M.-G. Buffet : Le système de financement mixte d’un tel équipement n’est pas une mauvaise solution : il a permis d’économiser sur les dépenses publiques. Cela dit, le budget de l’État ne doit plus être mis à contribution. Pour cela, notre volonté est qu’un grand club professionnel s’installe au Stade de France. Paris et sa région disposent du potentiel suffisant pour faire vivre deux grandes équipes de football. Je vais rencontrer tous les dirigeants, ceux du Paris-Saint Germain et d’autres clubs, pour tenter de trouver une solution. Il ne faut écarter aucune possibilité. N’oublions pas que le Stade de France est également conçu pour accueillir d’autres grandes épreuves après la Coupe du monde de football, comme les championnats du monde d’athlétisme et, pourquoi pas ? Les jeux olympiques de 2008.
Le Monde : La précédente législature n’avait pas permis au Parlement de débattre d’un projet sur le statut fiscal de certains sportifs.
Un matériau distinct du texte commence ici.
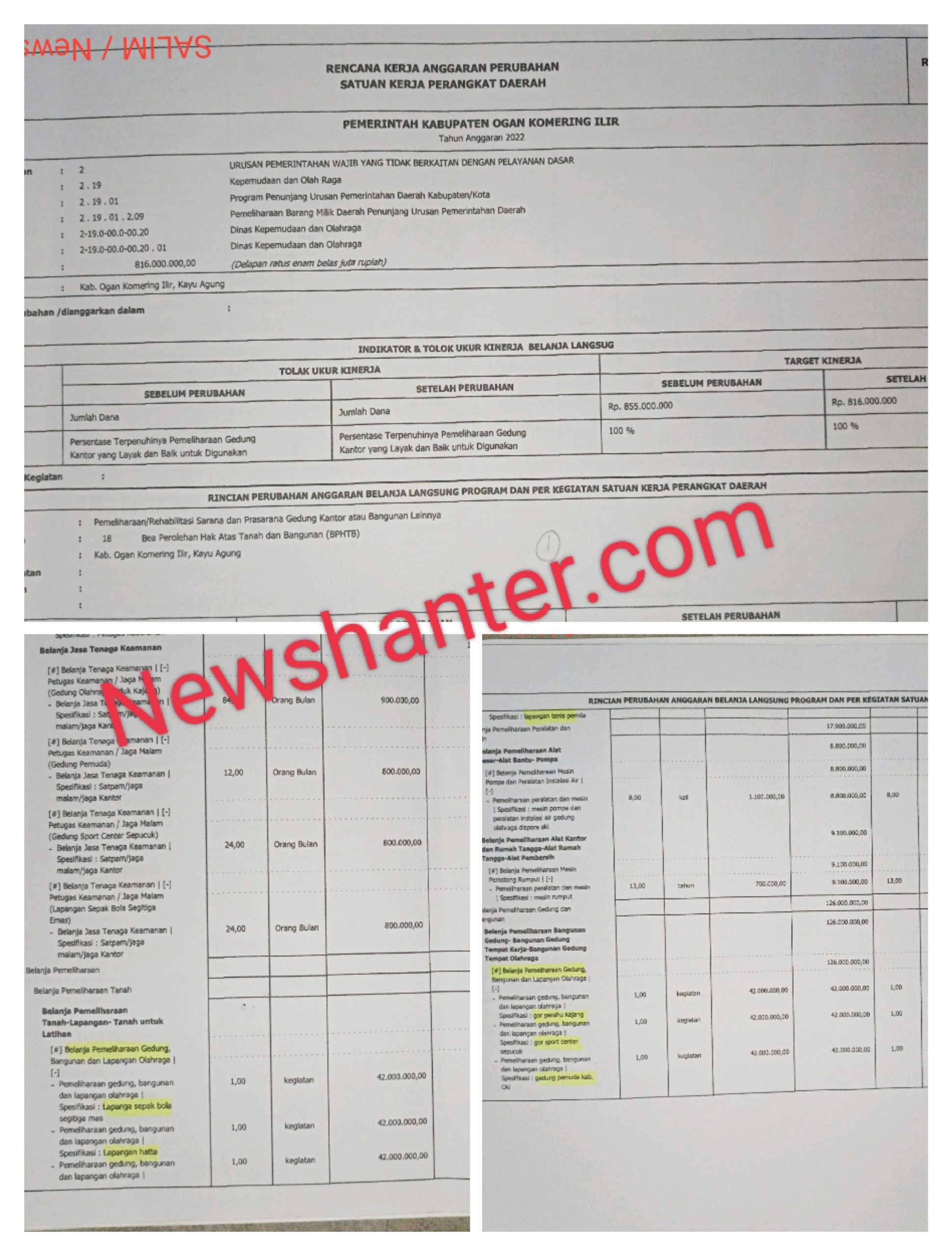 Dan kode rekening 5.1.2.03.03.0011 5.2.1.20.11 Belanja pemeliharaan bangunan gedung-bangunan gedung tempat kerja-bangunan gedung tempat olahraga dengan anggaran Rp.126.000.000 untuk pemeliharaan : (1. Gor Perahu Kajang, 2. Gor Sport Center Sepucuk dan 3. Gedung Pemuda Kab.OKI). Realisasi anggaran sebesar Rp.124.921.825 atau dengan sisa anggaran Rp.1.078.175,-. ( Tahapan pencairan Pertama Rp.31.500.000 + Kedua Rp.93.421.825).
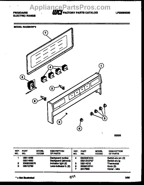 Parts for Frigidaire RA30BEL3: 02 - Backguard Parts

Pensez-vous qu’il soit possible d’accorder aux joueurs de football un régime particulier ?
M.-G. Buffet : La libre circulation des joueurs soulève un problème qui n’avait pas été prévu par la nouvelle réglementation européenne. L’aménagement de la fiscalité ne suffirait sans doute pas à bloquer l’hémorragie des joueurs vers les grands clubs étrangers. Je m’en suis d’ailleurs ouvert à plusieurs entraîneurs et dirigeants du football français. J’ai également fait part de ma position au ministre britannique des sports. Il apparaît évident qu’une modification du statut fiscal des joueurs et des clubs ne résoudrait pas le problème de fond, car il ne permettrait pas de rattraper l’écart considérable qui existe avec les statuts fiscaux étrangers.
La solution passera sans doute par un rapprochement avec d’autres pays de l’Union européenne pour tenter d’élargir la réglementation au contrôle des finances des clubs. Je crois également beaucoup à l’idée d’exception sportive, comme s’est imposée celle d’exception culturelle.
Le Monde : Le système de préparation olympique, dont les résultats ont été observés aux Jeux d’Atlanta, a été remis en question par votre prédécesseur …
M.-G. Buffet : C’est un dossier que j’ai examiné dès mon arrivée au ministère. Ma position est claire : le soutien financier de l’État doit se poursuivre. La préparation olympique est un outil extrêmement efficace. Il faut le conserver et en même temps redéfinir sa mission. C’est ce que nous ferons en concertation avec le Comité national olympique sportif français.